I am reading a published paper on
K- SVD: An algorithm for designing overcomplete dictionaries for sparse representation
In the introduction, it says:
Recent years have witnessed a growing interest in the research for sparse representations of signals. Using an overcomplete dictionary matrix $D \in \mathbb{R}^{n \times K}$that contains $K$ prototype signal-atoms for columns, $\{d_j\}^K_{j=1}$ , a signal $y \in \mathbb{R}^n$can be represented as a sparse linear combination of these atoms. The representation of $y$ may either be exact $y=Dx$ or approximate, $y \approx Dx$, satisfying $||y-Dx||_p \leq \epsilon$. The vector contains the representation coefficients of the signal $y$. In approximation methods, typical norms used for measuring the deviation are the $l^p$-norms for $p=1,2$ and $\infty$. In this paper, we shall concentrate on the case of $p=2$.
My main question is, how the inequality is obtained from the quality or approximation? Plus, why do we use $l^p$-norm for $p=1,2$ and $\infty$ for measuring deviation? And is there any specific reason as to why they have chosen $p=2$?
I am a computer science graduate, so please explain in not-very complicated facts and theorms so that I can follow your reasoning, very much appreciated.
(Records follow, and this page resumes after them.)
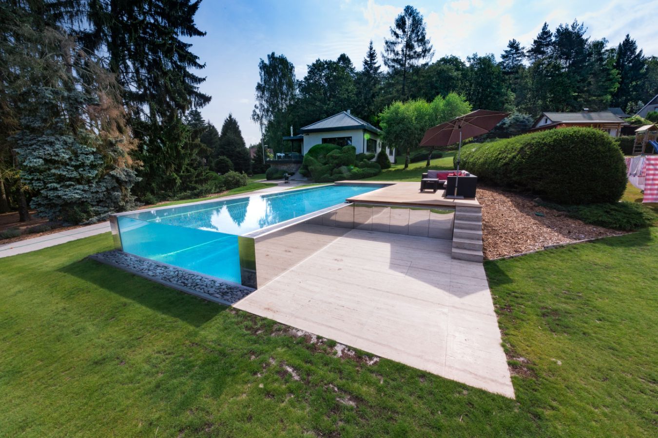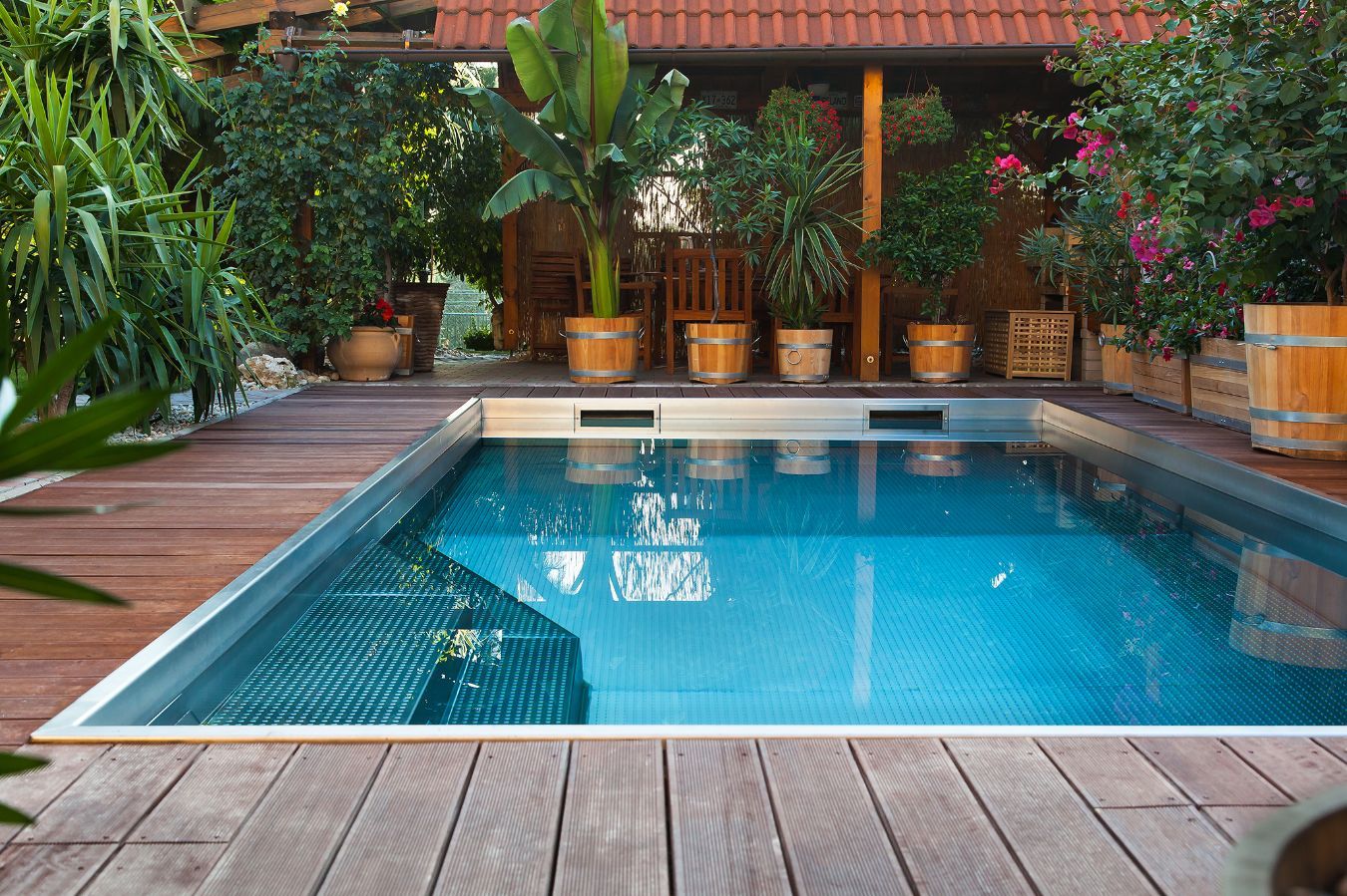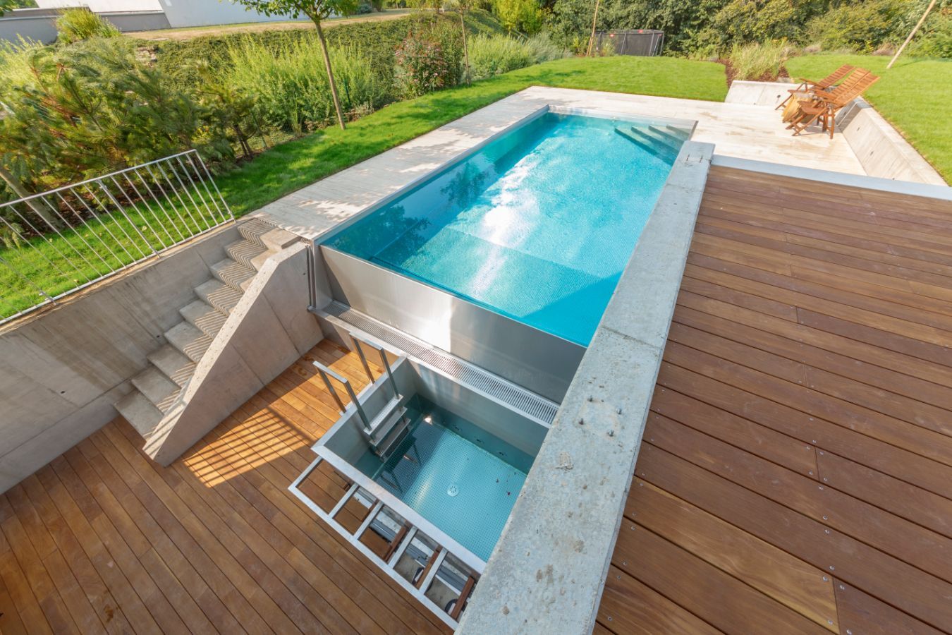 Nerezový bazén se vyznačuje nejen všeobecně uznávanou odolností vůči opotřebení, ale také vzhledem, vždyť luxusní design konstrukce nejde přehlédnout.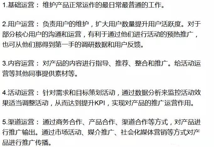 我们把运营的分工和种类进行细分,运营可以分为: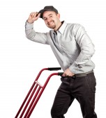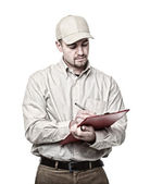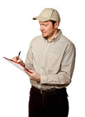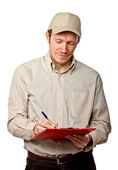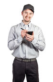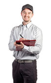 dostawa kaukaski młody człowiek w pracy na białym tle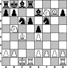 game notation in PGN-format [Event "Windecker Herbst-Open"] [Site "www.myChess.de"] [Date "2014.10.08"] [Round "1"] [White "espero"] [Black "UPS"] [ECO "B20"] [WhitemyELO "1764"] [BlackmyELO "1650"] [Result "1-0"] [TimeControl "10/1728000"] [WhiteDays "20"] [BlackDays "00"] [MyChessNo "96202"] 1. e4 c5 2. d4 cxd4 3. c3 dxc3 4. Nxc3 Nc6 5. Nf3 e5 6. Bc4 Be7 7. Qd5 d6 8. Qxf7+ Kd7 9. Qxg7 Nf6 10. Bh6 Kc7 11. Ng5 Qf8 12. Nb5+ Kb8 13. O-O-O Qxg7 14. Bxg7 Rd8 15. Nf7 1-0 position notation in FEN-format rkbr4/pp2bNBp/2np1n2/1N2p3/2B1P3/8/PP2PPPP/2KR3R - - - 2 15 Captured white pieces: Captured black pieces: Click on a captured piece in order to display the desired move!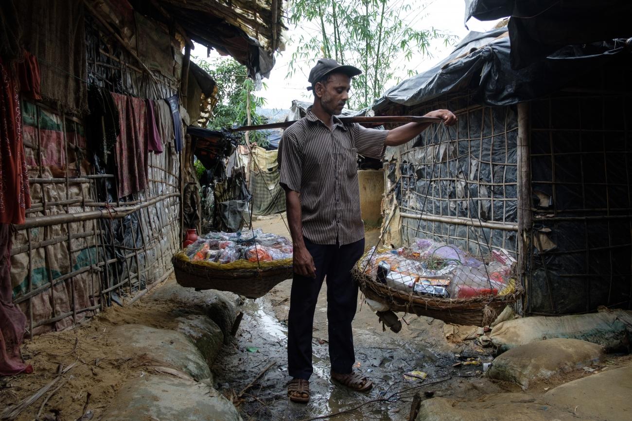 « En Birmanie, je suis allé une fois à l’hôpital pour soigner les grosseurs dans mon dos et sur la gorge. Mais le personnel a refusé de me soigner parce que je n’avais pas suffisamment d’argent. Je souffre, mais il n’y a rien que je puisse faire. Je suis arrivé il y a trois jours au Bangladesh avec mes six filles et ma femme. Je suis âgé et en mauvaise santé. J’ai du mal à marcher parce que mon pied gauche me fait mal, donc nous avons mis beaucoup de temps à arriver jusqu’ici. Dans mon village, il y a trois avant-postes militaires, un à l’est et deux à l’ouest.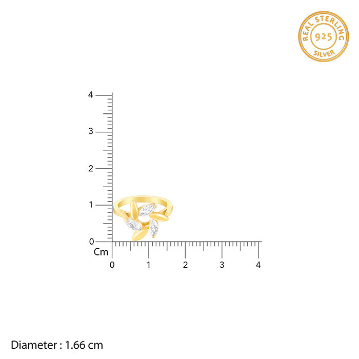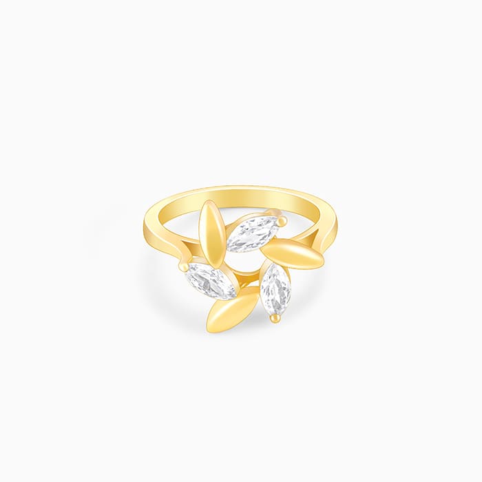This golden ring has a leaf pattern arranged in a wreath design, alternately studded with marquise-cut zircons in the middle.

I am also a computer scientist. Depending on your norm you punish outliers (= values that deviate a lot from the mean) harder or less hard. The higher your norm is, the more emphasis you put on your outliers.
The two norm is the most natural one, since it is the one you normally use when measuring distances in a 2 dimensional plane. That is probably the reason why people use this one the most. The 1-norm is used when you even want to decrease the effect of outliers, and $\infty$ is an extreme were the biggest outlier just determines your error measure.
In fact 2-norm is most of the time the most important. Sometimes people also want to investigate extreme cases and that is why they sometimes also investigate $\infty$ norm.